• [EXERCISE BRIEF] Nothing except the pictures should be left out when you reproduce the listing exactly.

• [SUPPLIED RECORDS]
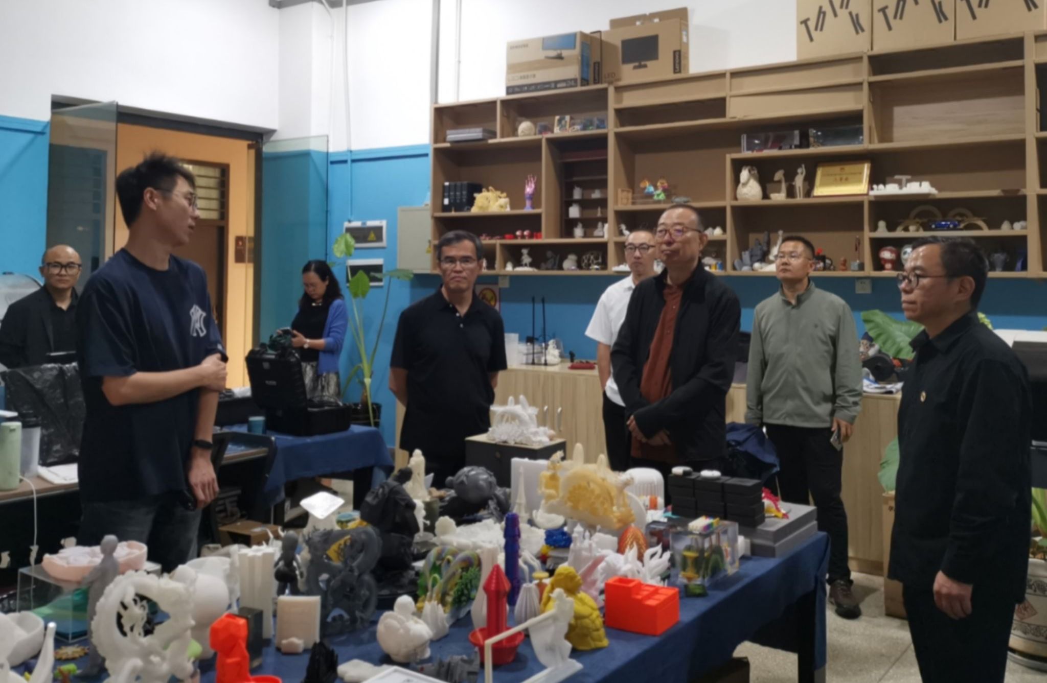 随后,调研组深入设计学院、美术学院,重点考察扎染、玉雕、金属工艺、版画等传统工艺实训室,同步调研数字媒体艺术等新兴实验室。潘鲁生高度评价买球投注官方网站将传统工艺融入现代设计教育的人才培养模式,指出实训平台既是应用型艺术人才的孵化器,更是坚定文化自信的实践课堂。
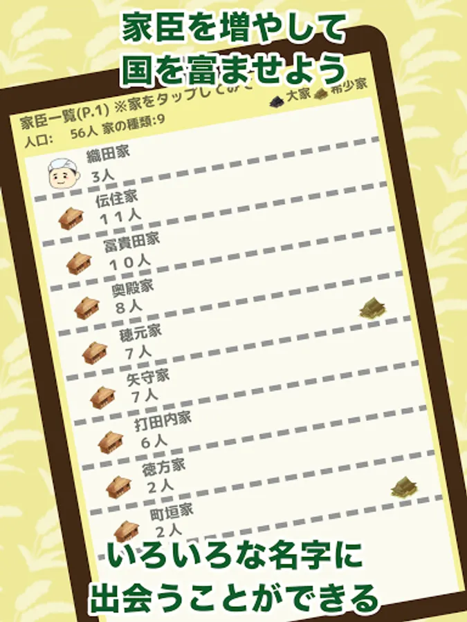 Whether you are interested in surnames (surnames) or not, this is a game where you can grow the country bearing your surname while falconry and unify the world. In the ranking, you can compete with the strongest countries in Japan and around the world for development. Now that the number of family members is decreasing, let's increase your own family and vassals and experience the real thrill of growing the country.
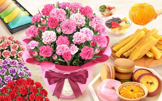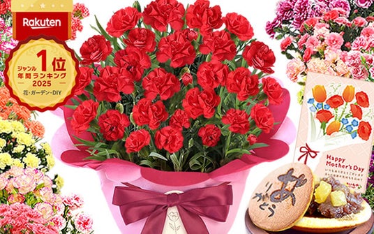 楽天市場「花・ガーデン・DIY」ジャンル、2025年年間ランキング1位のカーネーションと和菓子のセット
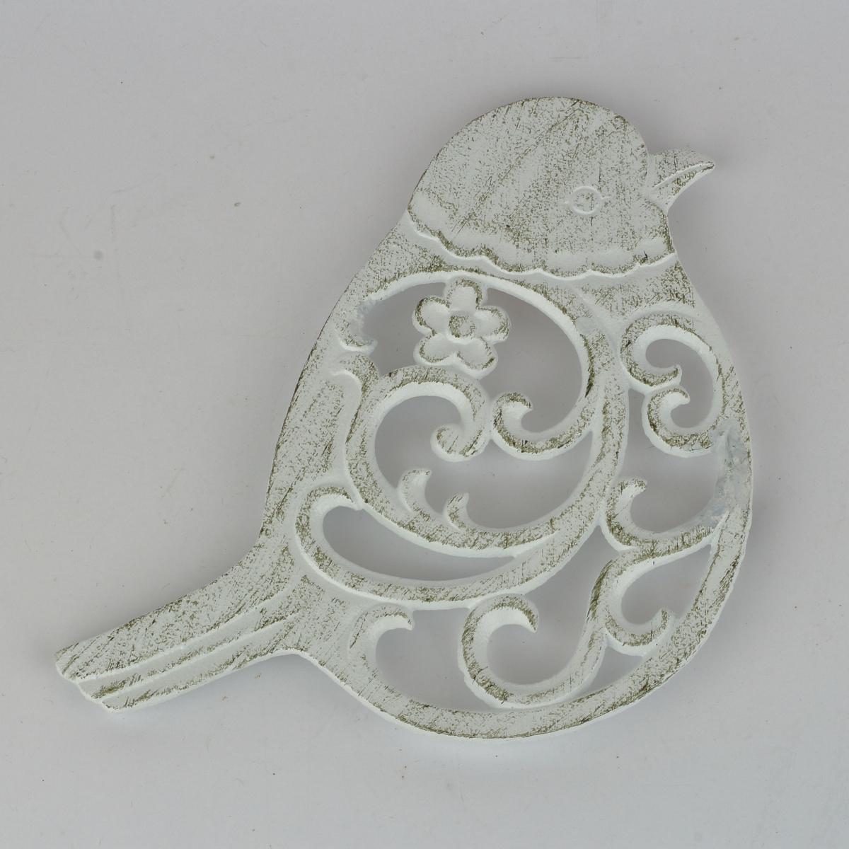 Liatinová podložka pod hrniec vtáčik biela 19x19cm
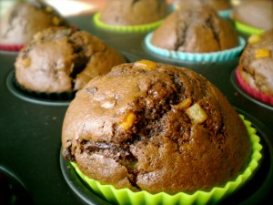Moją filozofię dotyczącą Mufinów opowiedziałam przy poprzednim wpisie, więc teraz ograniczę się tylko do jednej rady: zjedzcie choć jednego Mufina czekoladowego chwilę po wyjęciu z piekarnika, a nic już nie będzie takie samo. Płynna, gorzka czekolada w połączeniu ze słodyczą i aromatem pomarańczy to jest coś tak nieprzyzwoicie pysznego, że czasami trudno mi uwierzyć, że taki smak uzyskuje się używając dwóch misek i składników dostępnych w sklepie za rogiem.
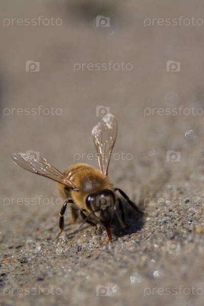 Пчела собирает воду среди песков
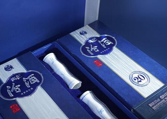 汾酒20年青花瓷的瓶身采用了中国传统的青花瓷风格,以汾字为主体,写满了各种字体的酒字,从汉字发展的角度阐释了汾酒的历史悠久。
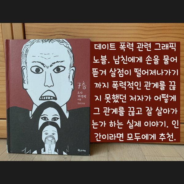1. 7층: 운전 중 남자친구에게 손을 물어뜯겨 살점이 떨어져나가기 까지 그 폭력적인 관계를 끊지 못했던 저자의 자전적 이야기. 어떤 식으로 정신적 신체적 폭력을 당했으며, 어떻게 그 관계를 끊어나가는지를 그린 이야기입니다. 인간이라면 누구나 모두에게 추천합니다.
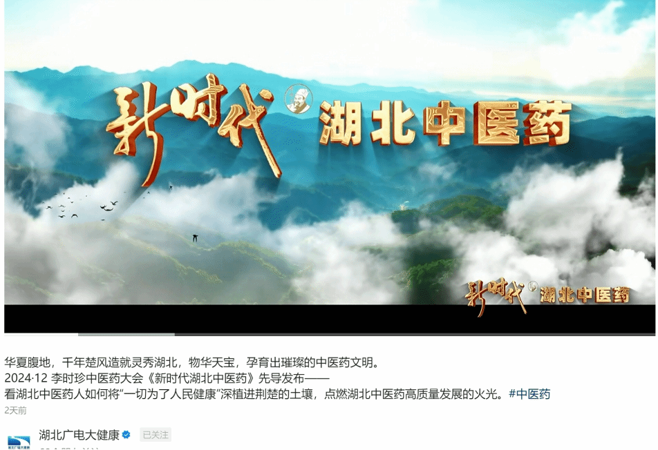 34.湖北广电大健康微信视频号:李时珍中医药大会《新时代湖北中医药》先导发布

• [PROBLEM SOLUTION]
 随后,调研组深入设计学院、美术学院,重点考察扎染、玉雕、金属工艺、版画等传统工艺实训室,同步调研数字媒体艺术等新兴实验室。潘鲁生高度评价买球投注官方网站将传统工艺融入现代设计教育的人才培养模式,指出实训平台既是应用型艺术人才的孵化器,更是坚定文化自信的实践课堂。
 Whether you are interested in surnames (surnames) or not, this is a game where you can grow the country bearing your surname while falconry and unify the world. In the ranking, you can compete with the strongest countries in Japan and around the world for development. Now that the number of family members is decreasing, let's increase your own family and vassals and experience the real thrill of growing the country.
 楽天市場「花・ガーデン・DIY」ジャンル、2025年年間ランキング1位のカーネーションと和菓子のセット
 Liatinová podložka pod hrniec vtáčik biela 19x19cm
Moją filozofię dotyczącą Mufinów opowiedziałam przy poprzednim wpisie, więc teraz ograniczę się tylko do jednej rady: zjedzcie choć jednego Mufina czekoladowego chwilę po wyjęciu z piekarnika, a nic już nie będzie takie samo. Płynna, gorzka czekolada w połączeniu ze słodyczą i aromatem pomarańczy to jest coś tak nieprzyzwoicie pysznego, że czasami trudno mi uwierzyć, że taki smak uzyskuje się używając dwóch misek i składników dostępnych w sklepie za rogiem.
 Пчела собирает воду среди песков
 汾酒20年青花瓷的瓶身采用了中国传统的青花瓷风格,以汾字为主体,写满了各种字体的酒字,从汉字发展的角度阐释了汾酒的历史悠久。
1. 7층: 운전 중 남자친구에게 손을 물어뜯겨 살점이 떨어져나가기 까지 그 폭력적인 관계를 끊지 못했던 저자의 자전적 이야기. 어떤 식으로 정신적 신체적 폭력을 당했으며, 어떻게 그 관계를 끊어나가는지를 그린 이야기입니다. 인간이라면 누구나 모두에게 추천합니다.
 34.湖北广电大健康微信视频号:李时珍中医药大会《新时代湖北中医药》先导发布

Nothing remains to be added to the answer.